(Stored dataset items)
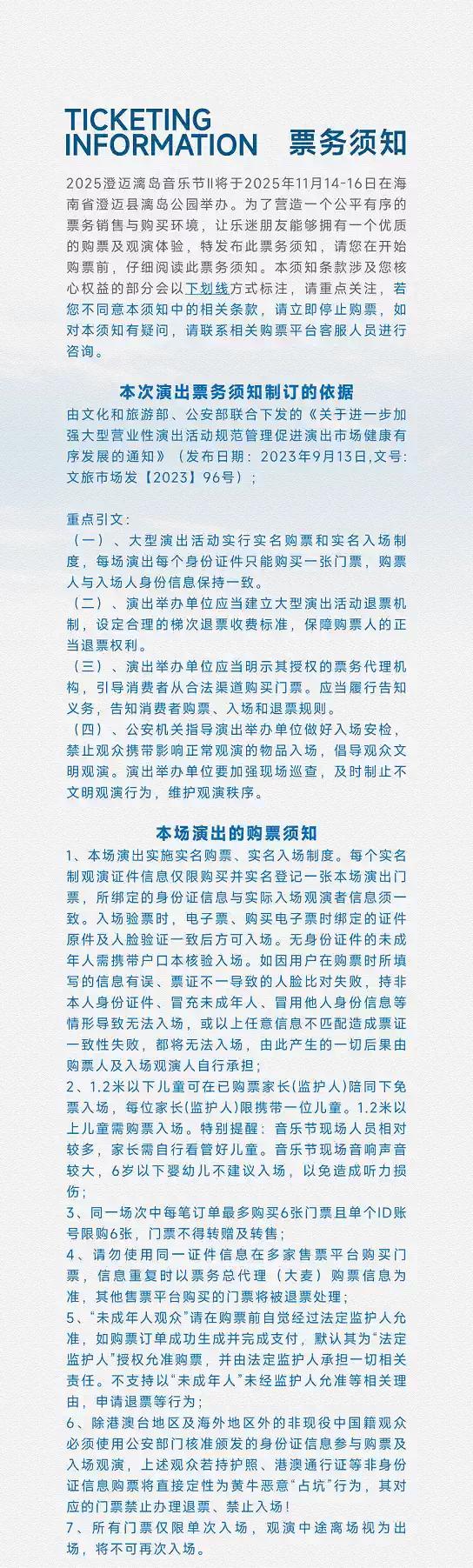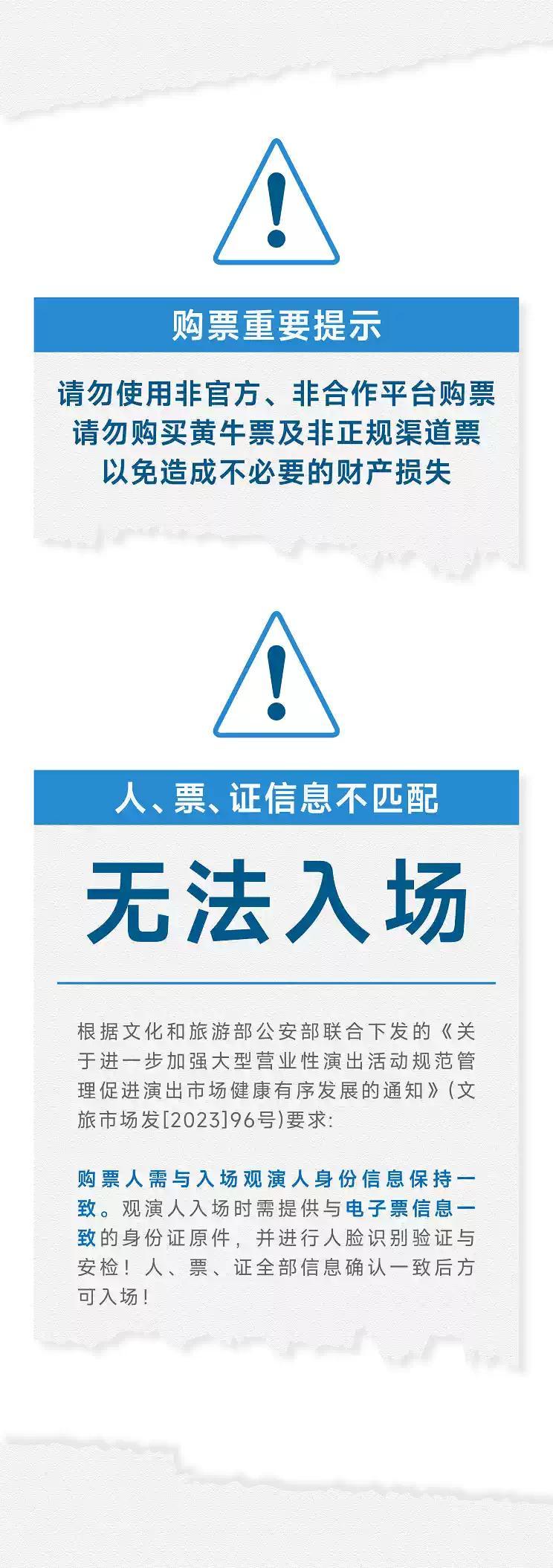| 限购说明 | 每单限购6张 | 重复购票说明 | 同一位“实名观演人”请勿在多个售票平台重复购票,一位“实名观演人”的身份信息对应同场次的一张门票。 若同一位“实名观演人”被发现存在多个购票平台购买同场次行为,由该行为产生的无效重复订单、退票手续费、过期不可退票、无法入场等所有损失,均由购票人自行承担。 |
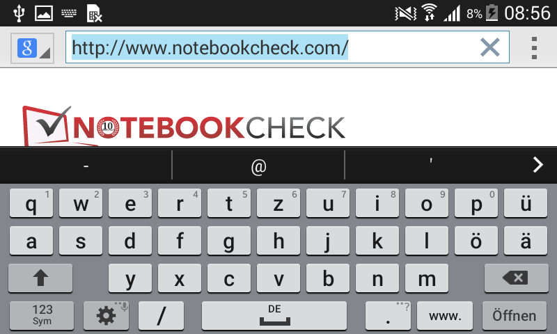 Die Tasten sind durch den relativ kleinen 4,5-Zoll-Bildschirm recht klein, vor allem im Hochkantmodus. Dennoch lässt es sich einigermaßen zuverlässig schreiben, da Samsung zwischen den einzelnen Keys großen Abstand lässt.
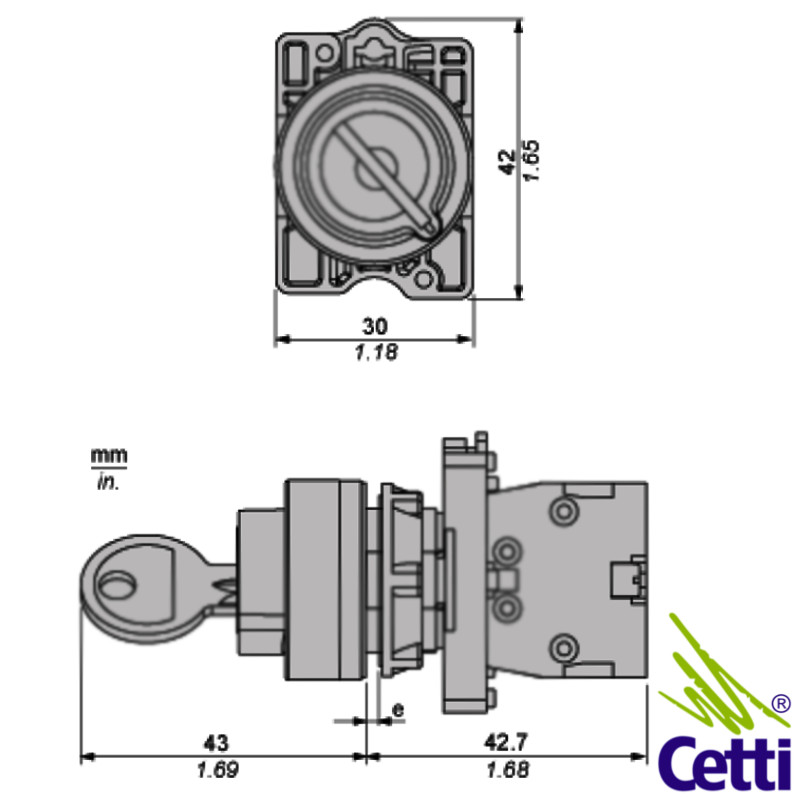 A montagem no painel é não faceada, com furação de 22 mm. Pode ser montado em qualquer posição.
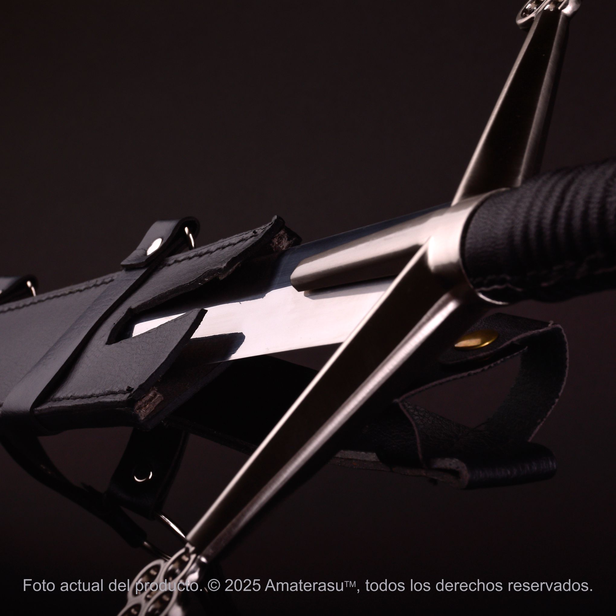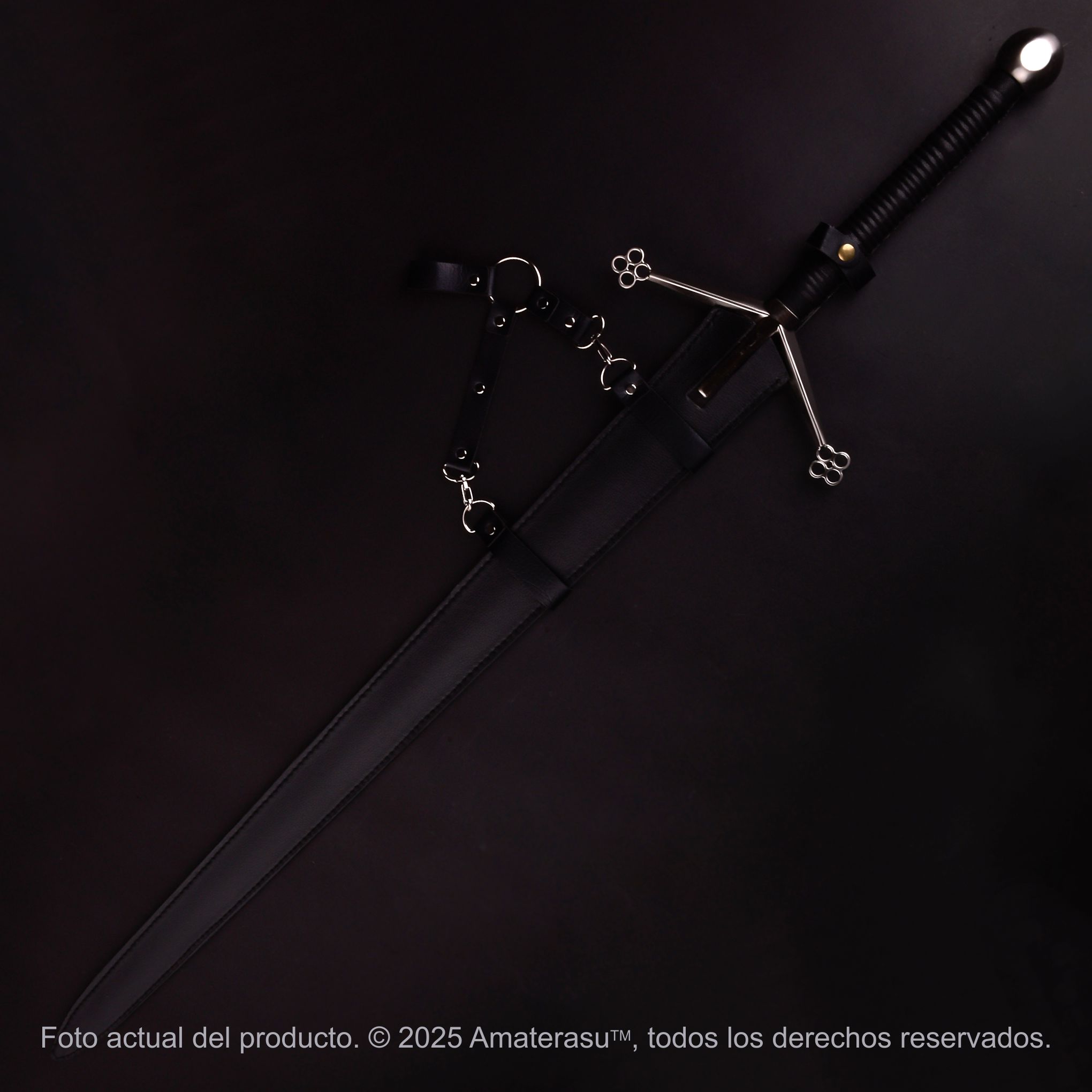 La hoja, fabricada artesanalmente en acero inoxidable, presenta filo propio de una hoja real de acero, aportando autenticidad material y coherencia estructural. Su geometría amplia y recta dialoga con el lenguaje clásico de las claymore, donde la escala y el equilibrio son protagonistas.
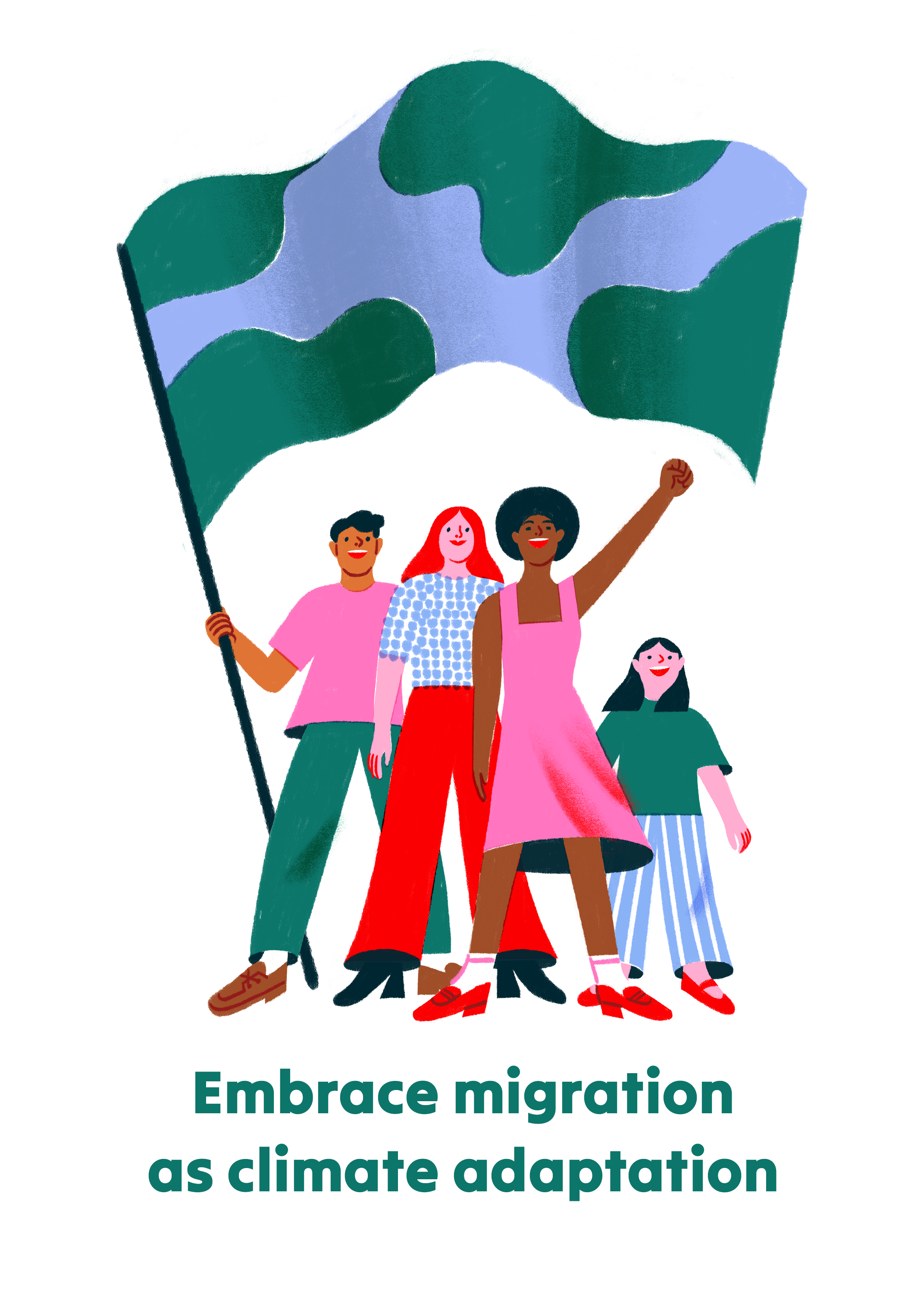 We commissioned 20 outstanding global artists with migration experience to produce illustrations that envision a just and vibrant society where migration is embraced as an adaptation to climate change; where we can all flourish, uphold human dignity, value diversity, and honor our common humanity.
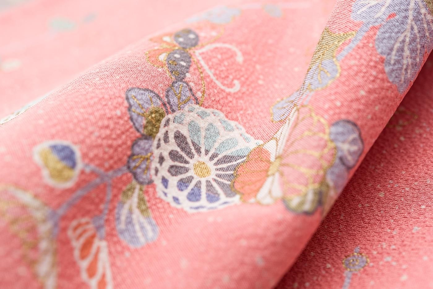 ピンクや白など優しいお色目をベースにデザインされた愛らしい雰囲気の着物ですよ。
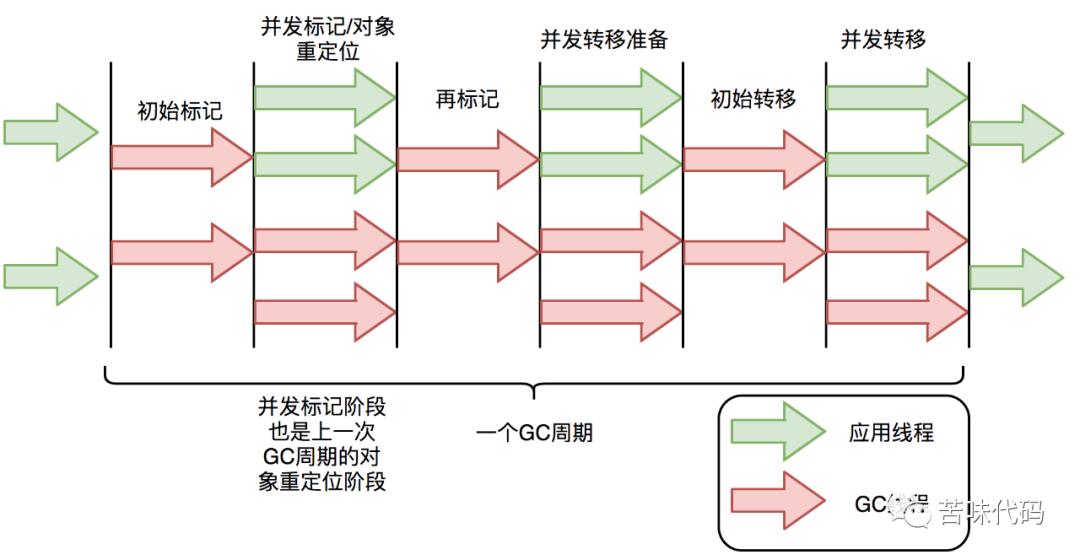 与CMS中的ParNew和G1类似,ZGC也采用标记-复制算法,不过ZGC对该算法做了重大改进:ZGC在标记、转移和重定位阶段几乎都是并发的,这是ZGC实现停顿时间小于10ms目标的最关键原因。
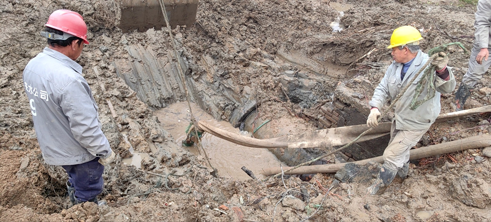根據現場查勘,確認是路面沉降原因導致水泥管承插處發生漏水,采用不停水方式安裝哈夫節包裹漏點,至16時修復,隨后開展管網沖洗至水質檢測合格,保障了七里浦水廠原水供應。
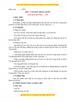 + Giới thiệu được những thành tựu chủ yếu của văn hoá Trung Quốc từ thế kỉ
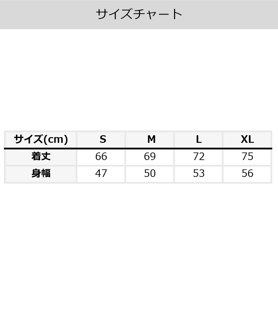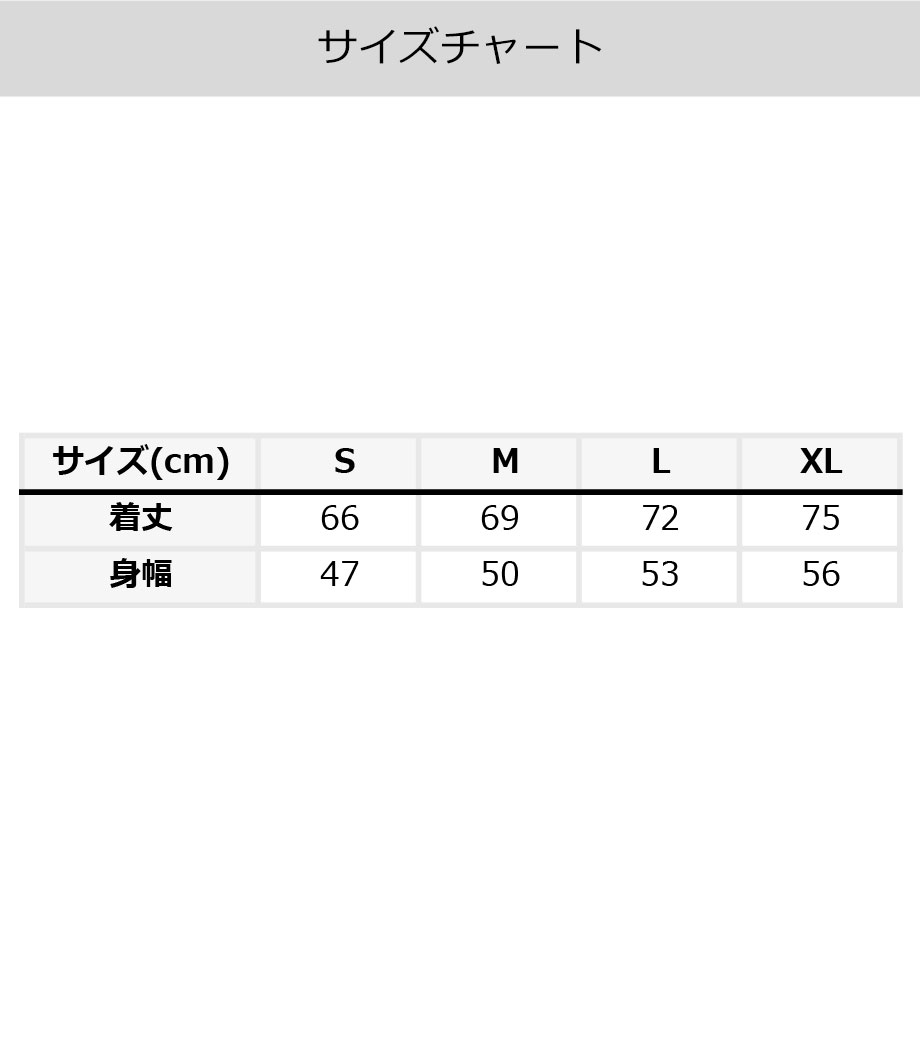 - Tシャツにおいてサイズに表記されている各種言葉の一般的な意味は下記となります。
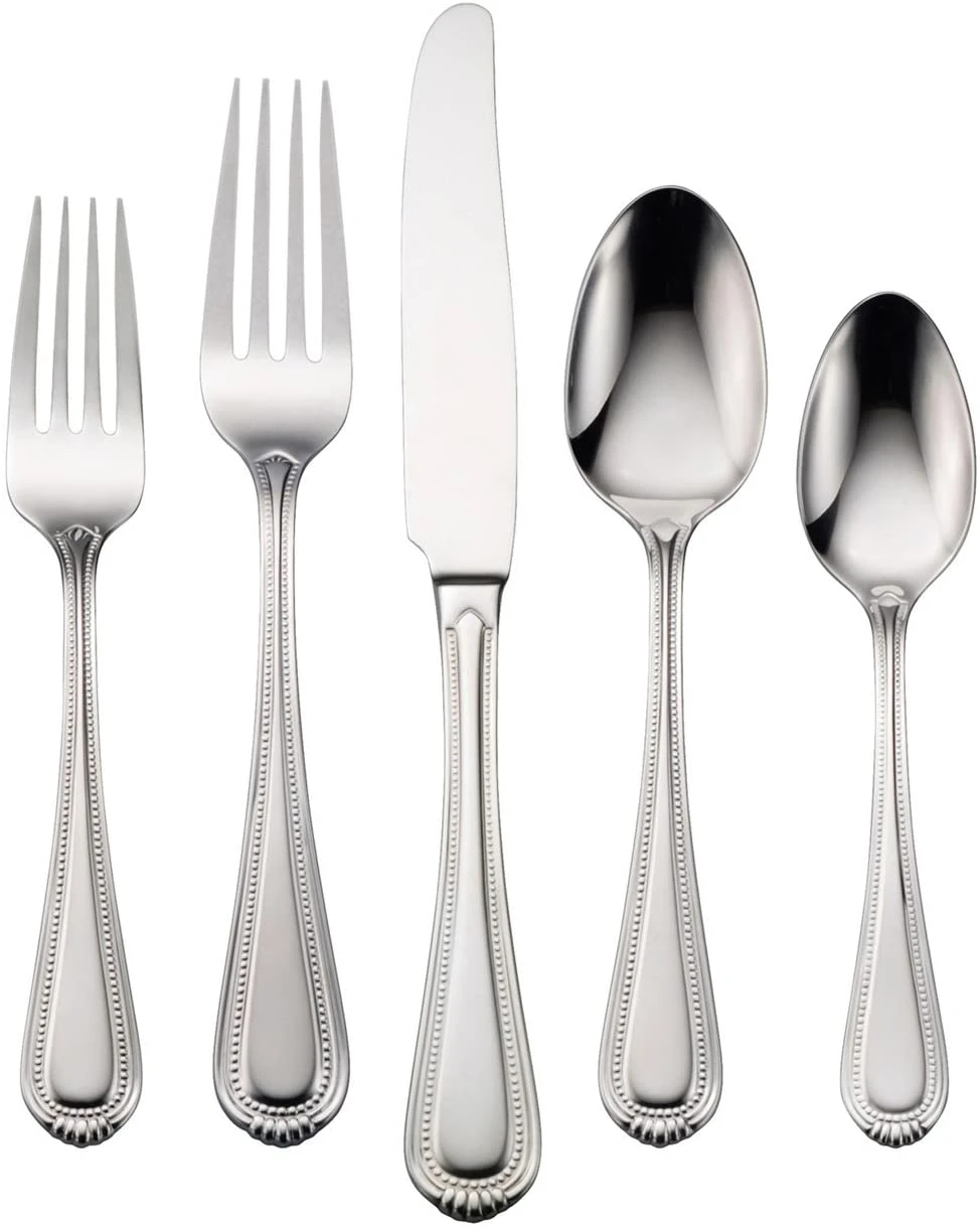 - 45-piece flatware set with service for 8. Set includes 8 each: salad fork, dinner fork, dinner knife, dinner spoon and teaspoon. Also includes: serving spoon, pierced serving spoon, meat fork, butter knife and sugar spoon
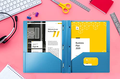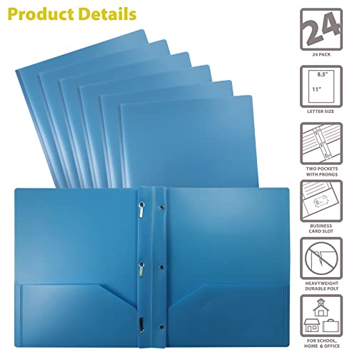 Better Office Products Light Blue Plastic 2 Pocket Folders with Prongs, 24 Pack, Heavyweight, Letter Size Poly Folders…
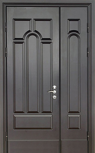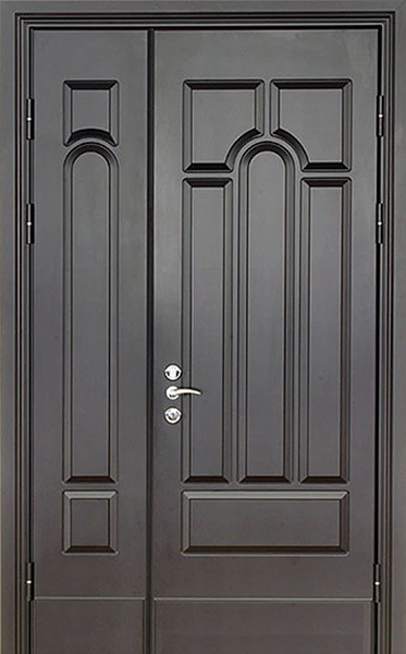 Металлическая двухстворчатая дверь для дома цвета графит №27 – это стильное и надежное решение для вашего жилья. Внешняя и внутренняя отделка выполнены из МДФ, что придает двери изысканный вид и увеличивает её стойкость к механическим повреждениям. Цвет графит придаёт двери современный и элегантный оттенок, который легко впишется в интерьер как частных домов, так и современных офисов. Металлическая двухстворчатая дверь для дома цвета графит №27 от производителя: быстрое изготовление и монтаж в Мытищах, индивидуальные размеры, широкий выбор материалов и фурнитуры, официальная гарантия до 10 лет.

*Brief*
Your copy must repeat the data word for word and show none of its images.

*Answer to this task*
| 限购说明 | 每单限购6张 | 重复购票说明 | 同一位“实名观演人”请勿在多个售票平台重复购票,一位“实名观演人”的身份信息对应同场次的一张门票。 若同一位“实名观演人”被发现存在多个购票平台购买同场次行为,由该行为产生的无效重复订单、退票手续费、过期不可退票、无法入场等所有损失,均由购票人自行承担。 |
 Die Tasten sind durch den relativ kleinen 4,5-Zoll-Bildschirm recht klein, vor allem im Hochkantmodus. Dennoch lässt es sich einigermaßen zuverlässig schreiben, da Samsung zwischen den einzelnen Keys großen Abstand lässt.
 A montagem no painel é não faceada, com furação de 22 mm. Pode ser montado em qualquer posição.
 La hoja, fabricada artesanalmente en acero inoxidable, presenta filo propio de una hoja real de acero, aportando autenticidad material y coherencia estructural. Su geometría amplia y recta dialoga con el lenguaje clásico de las claymore, donde la escala y el equilibrio son protagonistas.
 We commissioned 20 outstanding global artists with migration experience to produce illustrations that envision a just and vibrant society where migration is embraced as an adaptation to climate change; where we can all flourish, uphold human dignity, value diversity, and honor our common humanity.
 ピンクや白など優しいお色目をベースにデザインされた愛らしい雰囲気の着物ですよ。
 与CMS中的ParNew和G1类似,ZGC也采用标记-复制算法,不过ZGC对该算法做了重大改进:ZGC在标记、转移和重定位阶段几乎都是并发的,这是ZGC实现停顿时间小于10ms目标的最关键原因。
根據現場查勘,確認是路面沉降原因導致水泥管承插處發生漏水,采用不停水方式安裝哈夫節包裹漏點,至16時修復,隨后開展管網沖洗至水質檢測合格,保障了七里浦水廠原水供應。
 + Giới thiệu được những thành tựu chủ yếu của văn hoá Trung Quốc từ thế kỉ
 - Tシャツにおいてサイズに表記されている各種言葉の一般的な意味は下記となります。
 - 45-piece flatware set with service for 8. Set includes 8 each: salad fork, dinner fork, dinner knife, dinner spoon and teaspoon. Also includes: serving spoon, pierced serving spoon, meat fork, butter knife and sugar spoon
 Better Office Products Light Blue Plastic 2 Pocket Folders with Prongs, 24 Pack, Heavyweight, Letter Size Poly Folders…
 Металлическая двухстворчатая дверь для дома цвета графит №27 – это стильное и надежное решение для вашего жилья. Внешняя и внутренняя отделка выполнены из МДФ, что придает двери изысканный вид и увеличивает её стойкость к механическим повреждениям. Цвет графит придаёт двери современный и элегантный оттенок, который легко впишется в интерьер как частных домов, так и современных офисов. Металлическая двухстворчатая дверь для дома цвета графит №27 от производителя: быстрое изготовление и монтаж в Мытищах, индивидуальные размеры, широкий выбор материалов и фурнитуры, официальная гарантия до 10 лет.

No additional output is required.